(Dataset entries)

BEGIN

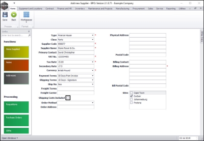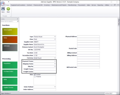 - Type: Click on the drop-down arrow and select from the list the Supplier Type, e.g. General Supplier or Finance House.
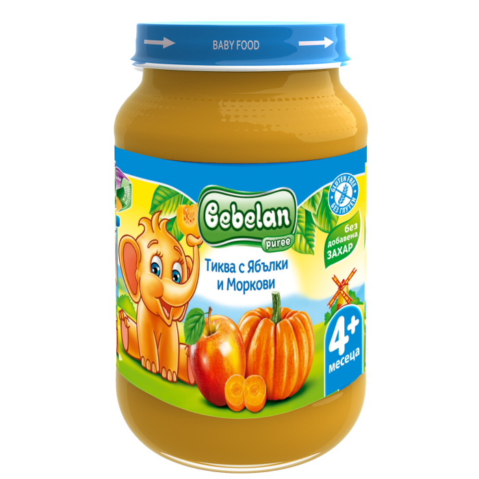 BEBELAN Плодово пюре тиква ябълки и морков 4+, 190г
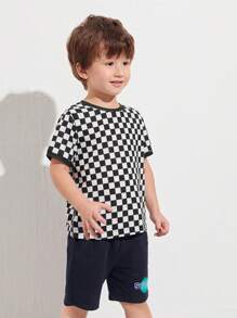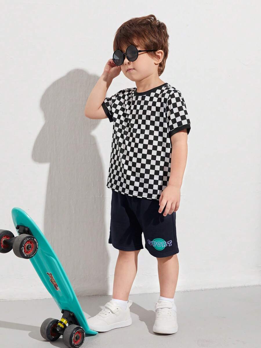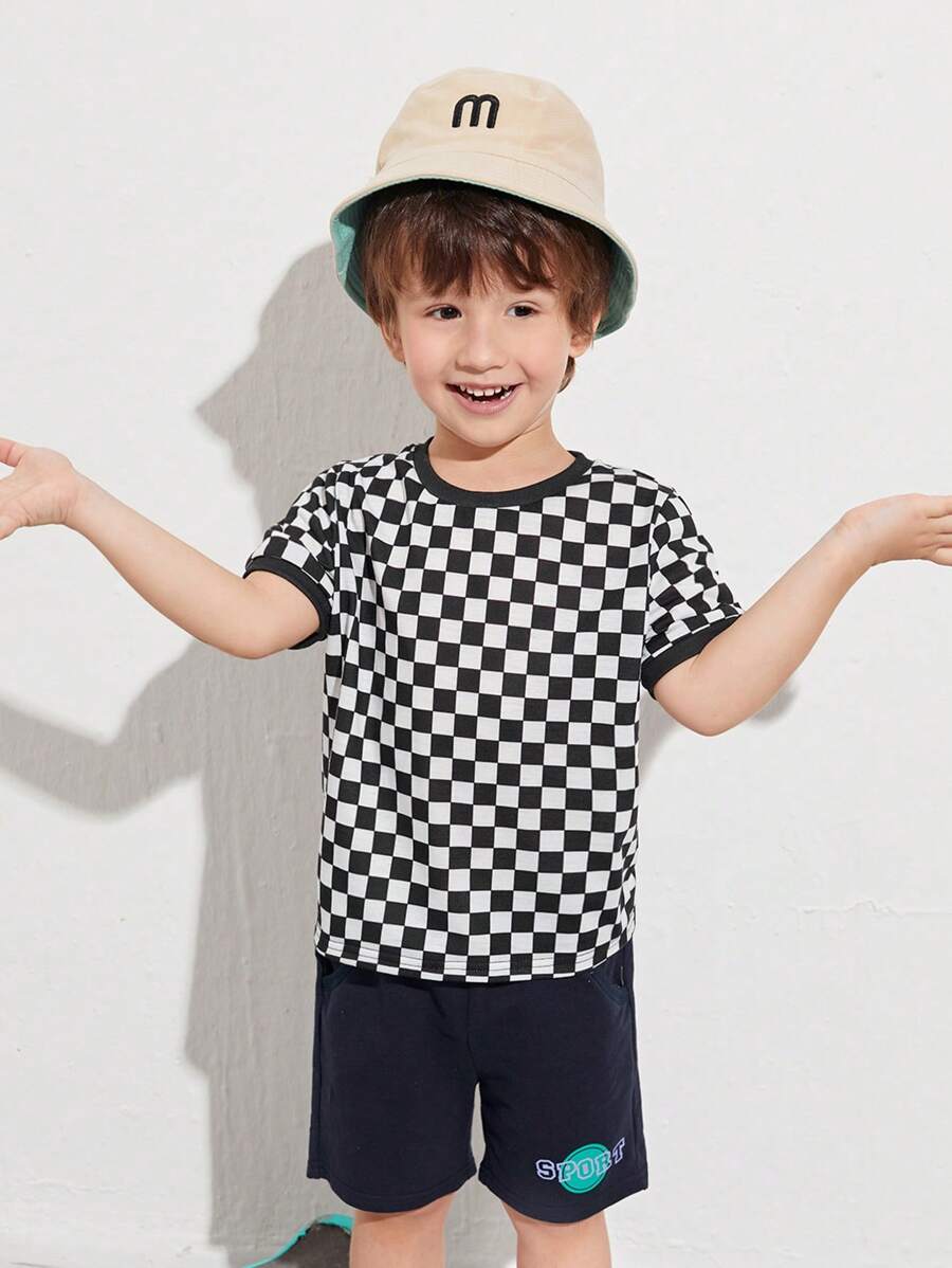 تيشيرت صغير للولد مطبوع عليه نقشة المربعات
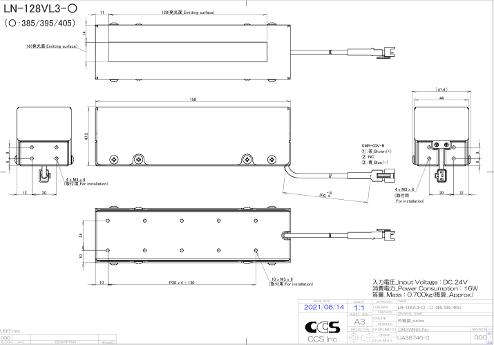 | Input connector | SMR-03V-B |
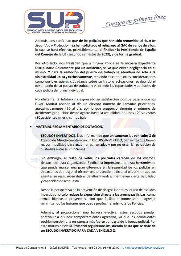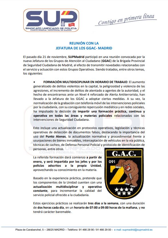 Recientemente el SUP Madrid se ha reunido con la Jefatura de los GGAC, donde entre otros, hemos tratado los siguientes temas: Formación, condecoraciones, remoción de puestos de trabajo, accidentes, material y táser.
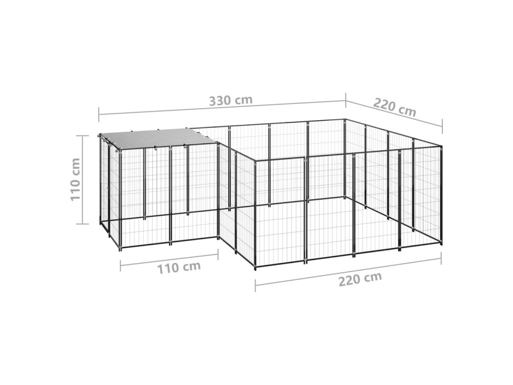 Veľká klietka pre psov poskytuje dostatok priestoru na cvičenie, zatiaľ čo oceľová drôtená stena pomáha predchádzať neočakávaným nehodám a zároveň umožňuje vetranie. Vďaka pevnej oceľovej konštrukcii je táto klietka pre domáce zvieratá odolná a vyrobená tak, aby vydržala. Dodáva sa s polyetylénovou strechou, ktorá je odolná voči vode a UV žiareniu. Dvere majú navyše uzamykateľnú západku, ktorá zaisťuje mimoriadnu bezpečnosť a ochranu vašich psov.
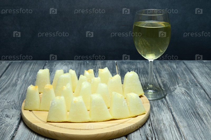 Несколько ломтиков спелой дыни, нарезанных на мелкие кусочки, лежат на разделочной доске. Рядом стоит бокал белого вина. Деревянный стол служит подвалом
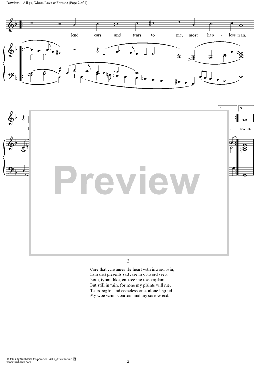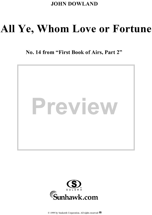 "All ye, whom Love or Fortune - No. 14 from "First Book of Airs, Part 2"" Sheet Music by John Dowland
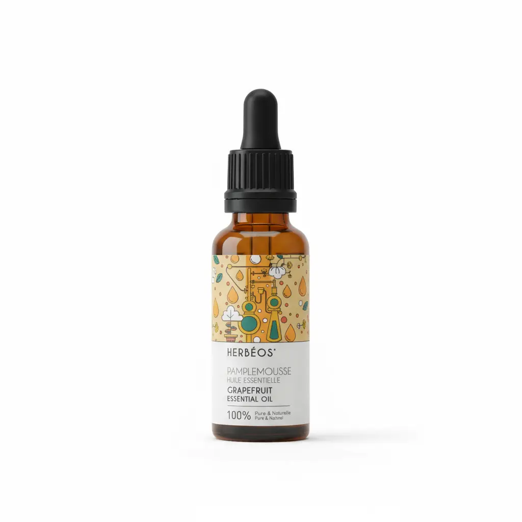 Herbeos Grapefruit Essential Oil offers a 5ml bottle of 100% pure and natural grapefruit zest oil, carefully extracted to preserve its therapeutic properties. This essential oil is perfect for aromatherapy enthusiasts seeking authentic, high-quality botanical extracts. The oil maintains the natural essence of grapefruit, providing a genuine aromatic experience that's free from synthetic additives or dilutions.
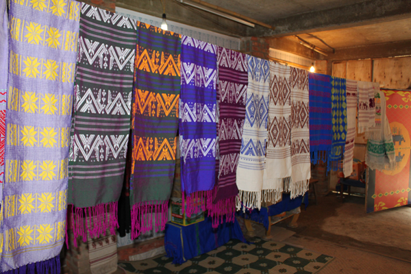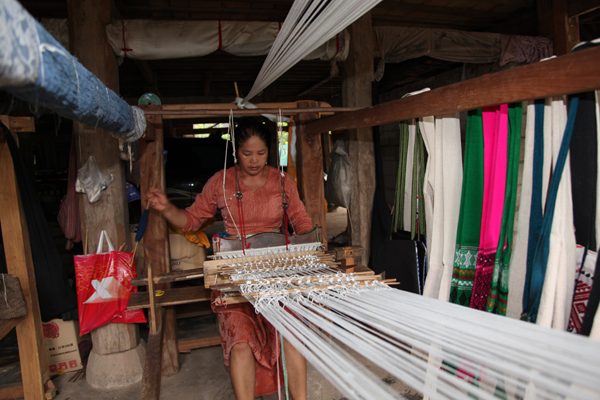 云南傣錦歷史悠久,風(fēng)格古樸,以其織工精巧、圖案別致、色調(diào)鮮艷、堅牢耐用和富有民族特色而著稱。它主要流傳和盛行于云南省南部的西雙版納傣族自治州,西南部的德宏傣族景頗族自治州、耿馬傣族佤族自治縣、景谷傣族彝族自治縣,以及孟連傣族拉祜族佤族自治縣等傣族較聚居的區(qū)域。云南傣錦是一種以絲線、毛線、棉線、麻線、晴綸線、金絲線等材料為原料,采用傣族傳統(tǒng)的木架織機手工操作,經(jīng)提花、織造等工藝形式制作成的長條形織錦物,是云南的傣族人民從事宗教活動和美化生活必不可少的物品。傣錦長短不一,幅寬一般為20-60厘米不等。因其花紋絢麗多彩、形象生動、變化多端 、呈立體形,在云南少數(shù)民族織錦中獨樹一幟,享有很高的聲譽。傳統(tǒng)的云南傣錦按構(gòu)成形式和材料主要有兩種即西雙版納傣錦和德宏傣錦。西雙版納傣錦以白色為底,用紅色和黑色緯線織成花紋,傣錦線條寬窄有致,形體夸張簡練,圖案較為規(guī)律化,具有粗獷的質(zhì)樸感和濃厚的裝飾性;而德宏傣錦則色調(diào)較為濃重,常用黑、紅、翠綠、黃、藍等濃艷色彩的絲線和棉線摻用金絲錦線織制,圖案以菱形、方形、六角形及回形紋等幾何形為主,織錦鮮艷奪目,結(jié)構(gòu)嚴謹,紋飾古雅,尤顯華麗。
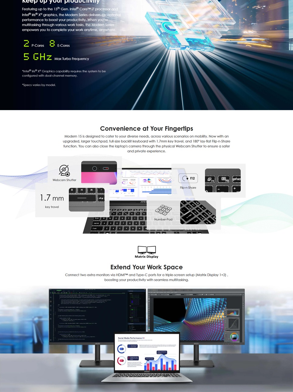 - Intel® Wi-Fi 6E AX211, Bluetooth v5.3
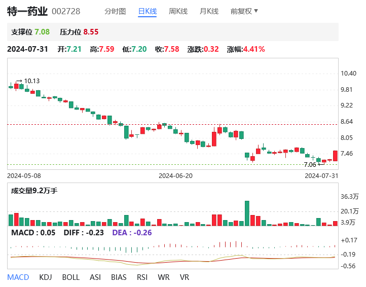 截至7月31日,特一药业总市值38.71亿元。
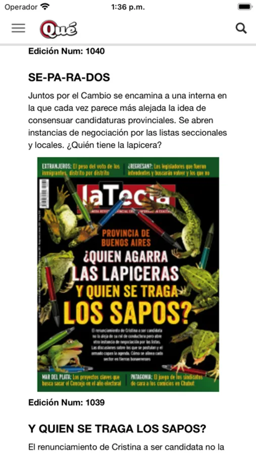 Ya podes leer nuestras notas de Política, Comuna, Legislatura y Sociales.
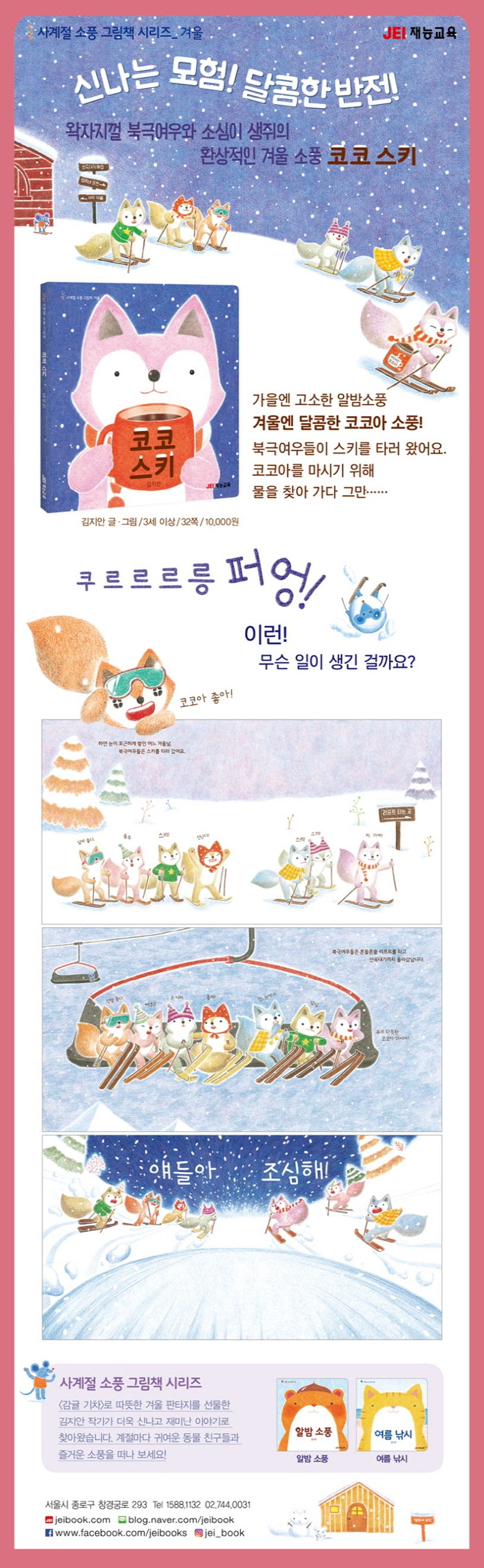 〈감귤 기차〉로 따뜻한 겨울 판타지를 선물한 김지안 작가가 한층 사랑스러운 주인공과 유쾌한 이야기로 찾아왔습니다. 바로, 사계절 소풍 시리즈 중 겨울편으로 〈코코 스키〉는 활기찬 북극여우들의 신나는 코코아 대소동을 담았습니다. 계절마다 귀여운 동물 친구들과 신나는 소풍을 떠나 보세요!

END

_TASK DIRECTIONS_
Omitting the images, transcribe every record exactly.

_RESULT OF THE TASK_
 - Type: Click on the drop-down arrow and select from the list the Supplier Type, e.g. General Supplier or Finance House.
 BEBELAN Плодово пюре тиква ябълки и морков 4+, 190г
 تيشيرت صغير للولد مطبوع عليه نقشة المربعات
 | Input connector | SMR-03V-B |
 Recientemente el SUP Madrid se ha reunido con la Jefatura de los GGAC, donde entre otros, hemos tratado los siguientes temas: Formación, condecoraciones, remoción de puestos de trabajo, accidentes, material y táser.
 Veľká klietka pre psov poskytuje dostatok priestoru na cvičenie, zatiaľ čo oceľová drôtená stena pomáha predchádzať neočakávaným nehodám a zároveň umožňuje vetranie. Vďaka pevnej oceľovej konštrukcii je táto klietka pre domáce zvieratá odolná a vyrobená tak, aby vydržala. Dodáva sa s polyetylénovou strechou, ktorá je odolná voči vode a UV žiareniu. Dvere majú navyše uzamykateľnú západku, ktorá zaisťuje mimoriadnu bezpečnosť a ochranu vašich psov.
 Несколько ломтиков спелой дыни, нарезанных на мелкие кусочки, лежат на разделочной доске. Рядом стоит бокал белого вина. Деревянный стол служит подвалом
 "All ye, whom Love or Fortune - No. 14 from "First Book of Airs, Part 2"" Sheet Music by John Dowland
 Herbeos Grapefruit Essential Oil offers a 5ml bottle of 100% pure and natural grapefruit zest oil, carefully extracted to preserve its therapeutic properties. This essential oil is perfect for aromatherapy enthusiasts seeking authentic, high-quality botanical extracts. The oil maintains the natural essence of grapefruit, providing a genuine aromatic experience that's free from synthetic additives or dilutions.
 云南傣錦歷史悠久,風(fēng)格古樸,以其織工精巧、圖案別致、色調(diào)鮮艷、堅牢耐用和富有民族特色而著稱。它主要流傳和盛行于云南省南部的西雙版納傣族自治州,西南部的德宏傣族景頗族自治州、耿馬傣族佤族自治縣、景谷傣族彝族自治縣,以及孟連傣族拉祜族佤族自治縣等傣族較聚居的區(qū)域。云南傣錦是一種以絲線、毛線、棉線、麻線、晴綸線、金絲線等材料為原料,采用傣族傳統(tǒng)的木架織機手工操作,經(jīng)提花、織造等工藝形式制作成的長條形織錦物,是云南的傣族人民從事宗教活動和美化生活必不可少的物品。傣錦長短不一,幅寬一般為20-60厘米不等。因其花紋絢麗多彩、形象生動、變化多端 、呈立體形,在云南少數(shù)民族織錦中獨樹一幟,享有很高的聲譽。傳統(tǒng)的云南傣錦按構(gòu)成形式和材料主要有兩種即西雙版納傣錦和德宏傣錦。西雙版納傣錦以白色為底,用紅色和黑色緯線織成花紋,傣錦線條寬窄有致,形體夸張簡練,圖案較為規(guī)律化,具有粗獷的質(zhì)樸感和濃厚的裝飾性;而德宏傣錦則色調(diào)較為濃重,常用黑、紅、翠綠、黃、藍等濃艷色彩的絲線和棉線摻用金絲錦線織制,圖案以菱形、方形、六角形及回形紋等幾何形為主,織錦鮮艷奪目,結(jié)構(gòu)嚴謹,紋飾古雅,尤顯華麗。
 - Intel® Wi-Fi 6E AX211, Bluetooth v5.3
 截至7月31日,特一药业总市值38.71亿元。
 Ya podes leer nuestras notas de Política, Comuna, Legislatura y Sociales.
 〈감귤 기차〉로 따뜻한 겨울 판타지를 선물한 김지안 작가가 한층 사랑스러운 주인공과 유쾌한 이야기로 찾아왔습니다. 바로, 사계절 소풍 시리즈 중 겨울편으로 〈코코 스키〉는 활기찬 북극여우들의 신나는 코코아 대소동을 담았습니다. 계절마다 귀여운 동물 친구들과 신나는 소풍을 떠나 보세요!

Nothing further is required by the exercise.